What is required — An exact reproduction of the listing is wanted, with the pictures dropped.

Records supplied —
<<<<

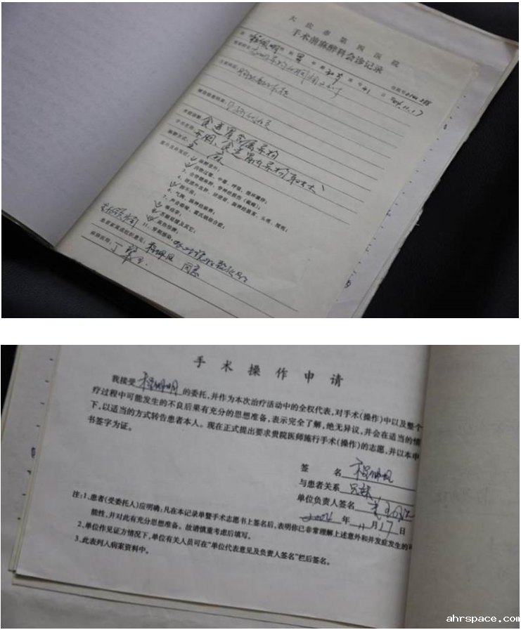 ▲当年程佩明妹妹程佩凤签字同意手术的记录
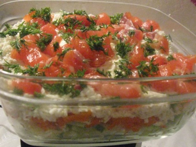 8. Слоеный салат из семги, помидоров, твердого сыра и картофеля
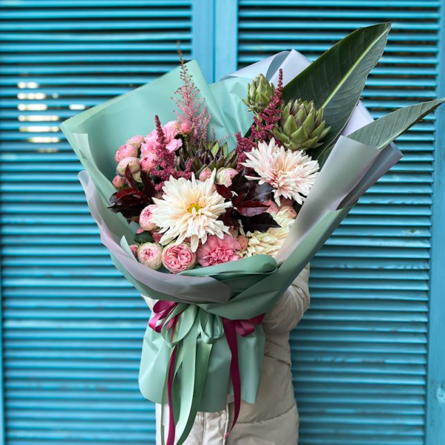 Chrysanthemum, artichoke, astilbe, carnation, Sweet Trendsetter peony-shaped rose, strelitzia leaf, Dutch greenery
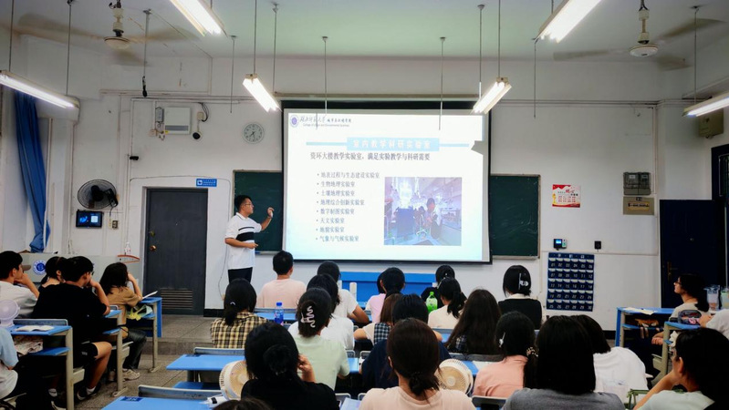 在介绍课程体系时,陈龑结合多媒体课件,展示了包括地理信息系统(GIS)、遥感技术与应用、环境监测与评估、区域分析与规划等专业核心课程的教学内容与应用实例。他还通过大量往届员工野外实习、地理测绘实践、科创项目研究等现场图片,生动再现了地理专业强调动手能力和实地解决现实问题的教学特色。实验室的高精度无人机、三维激光扫描仪、遥感图像处理平台等先进设备也首次以影像形式向新生亮相,引来阵阵赞叹。
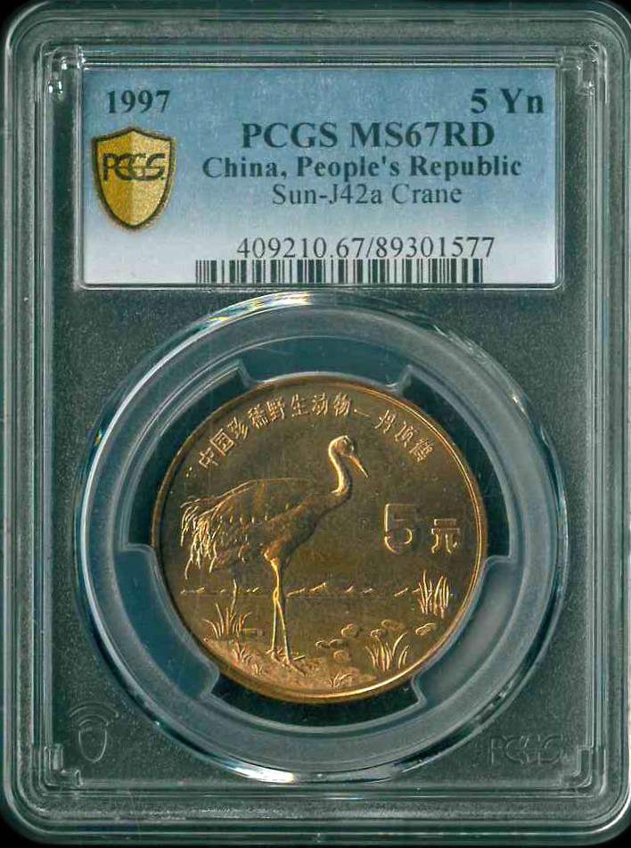 1997 中國珍稀野生動物(丹頂鶴) $5 PCGS MS67RD 編號: 89301577
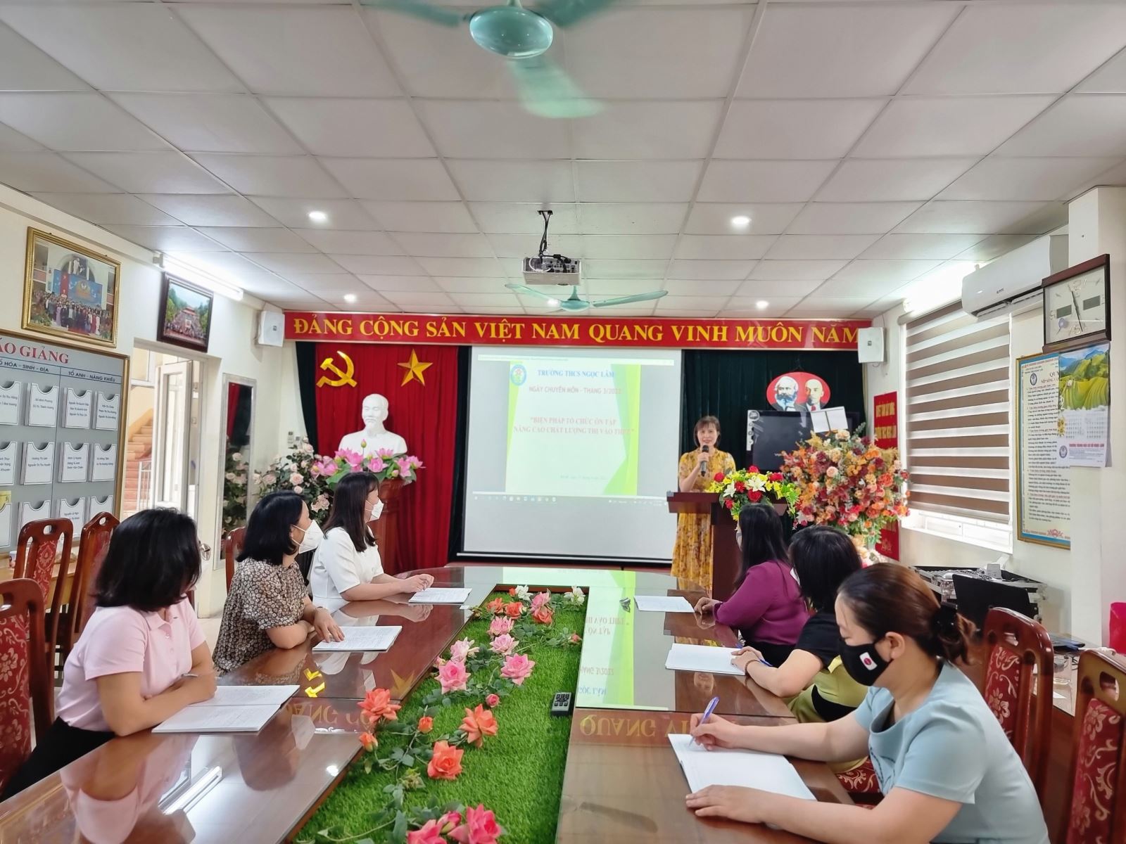 Trong hoạt động “ Ngày chuyên môn” của tháng 3, nhóm Toán 9 của nhà trường đã thực hiện buổi trao đổi nhận định rõ thực trạng về tình hình chất lượng của học sinh khối 9 năm học này. Nhóm chuyên môn đã phân tích chỉ rõ của ưu điểm – tồn tại và đề xuất các giải pháp cụ thể hữu ích như:
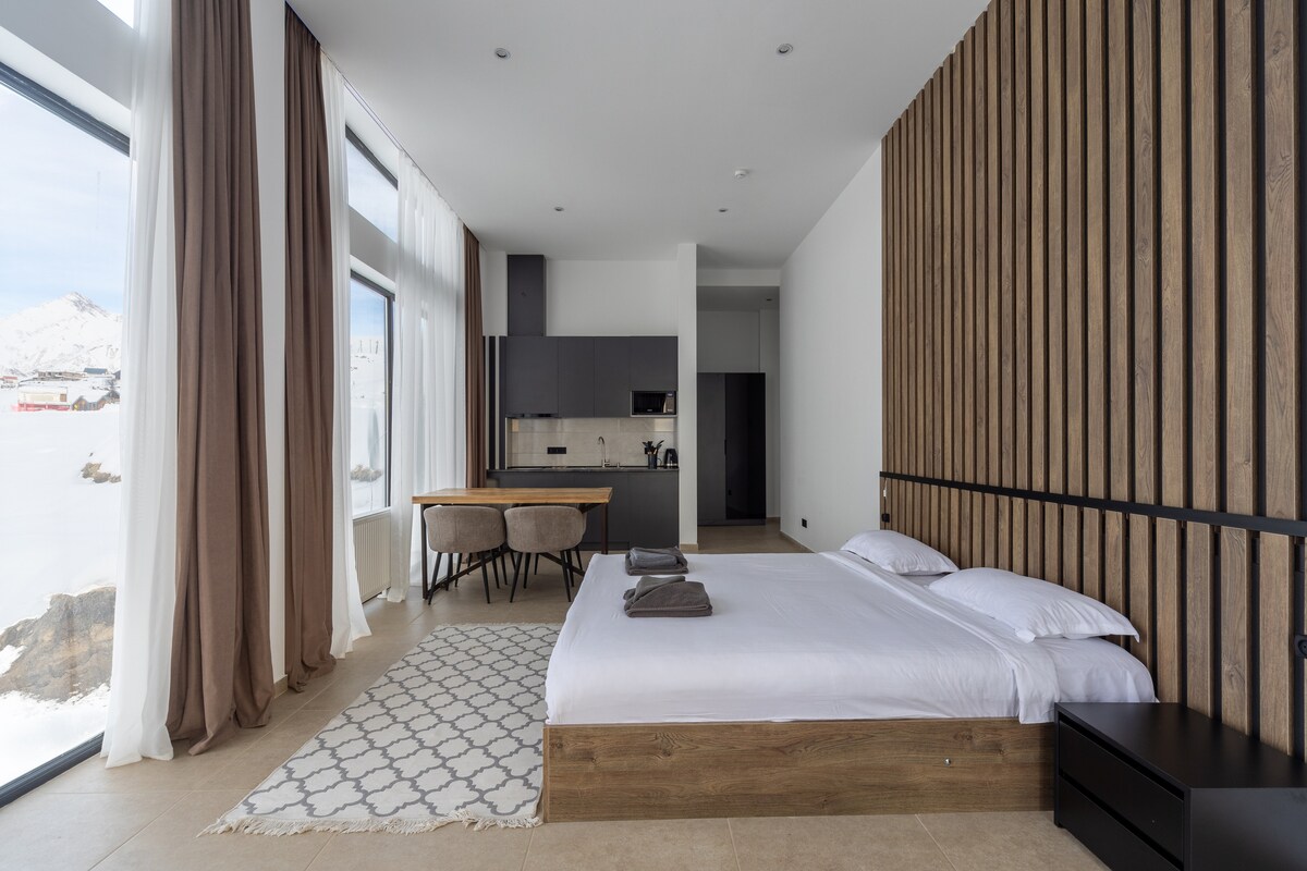 აპარტამენტი იდეალური მდებარეობით ახლოს საბაგიროებთან, რესტორნებთან და ზამთრისთვის საჭირო ყველა სხვა აქტივობასთან. Our cozy apartment in New Gudauri is now open for daily rentals for the new ski season! It offers an ideal location—just steps from ski lifts, restaurants, and all essential winter activities. The apartment is warm, modern, and fully equipped for a comfortable stay. Perfect for couples, friends, or families who want to enjoy Gudauri’s winter vibe.

>>>>

Completed task —
 ▲当年程佩明妹妹程佩凤签字同意手术的记录
 8. Слоеный салат из семги, помидоров, твердого сыра и картофеля
 Chrysanthemum, artichoke, astilbe, carnation, Sweet Trendsetter peony-shaped rose, strelitzia leaf, Dutch greenery
 在介绍课程体系时,陈龑结合多媒体课件,展示了包括地理信息系统(GIS)、遥感技术与应用、环境监测与评估、区域分析与规划等专业核心课程的教学内容与应用实例。他还通过大量往届员工野外实习、地理测绘实践、科创项目研究等现场图片,生动再现了地理专业强调动手能力和实地解决现实问题的教学特色。实验室的高精度无人机、三维激光扫描仪、遥感图像处理平台等先进设备也首次以影像形式向新生亮相,引来阵阵赞叹。
 1997 中國珍稀野生動物(丹頂鶴) $5 PCGS MS67RD 編號: 89301577
 Trong hoạt động “ Ngày chuyên môn” của tháng 3, nhóm Toán 9 của nhà trường đã thực hiện buổi trao đổi nhận định rõ thực trạng về tình hình chất lượng của học sinh khối 9 năm học này. Nhóm chuyên môn đã phân tích chỉ rõ của ưu điểm – tồn tại và đề xuất các giải pháp cụ thể hữu ích như:
 აპარტამენტი იდეალური მდებარეობით ახლოს საბაგიროებთან, რესტორნებთან და ზამთრისთვის საჭირო ყველა სხვა აქტივობასთან. Our cozy apartment in New Gudauri is now open for daily rentals for the new ski season! It offers an ideal location—just steps from ski lifts, restaurants, and all essential winter activities. The apartment is warm, modern, and fully equipped for a comfortable stay. Perfect for couples, friends, or families who want to enjoy Gudauri’s winter vibe.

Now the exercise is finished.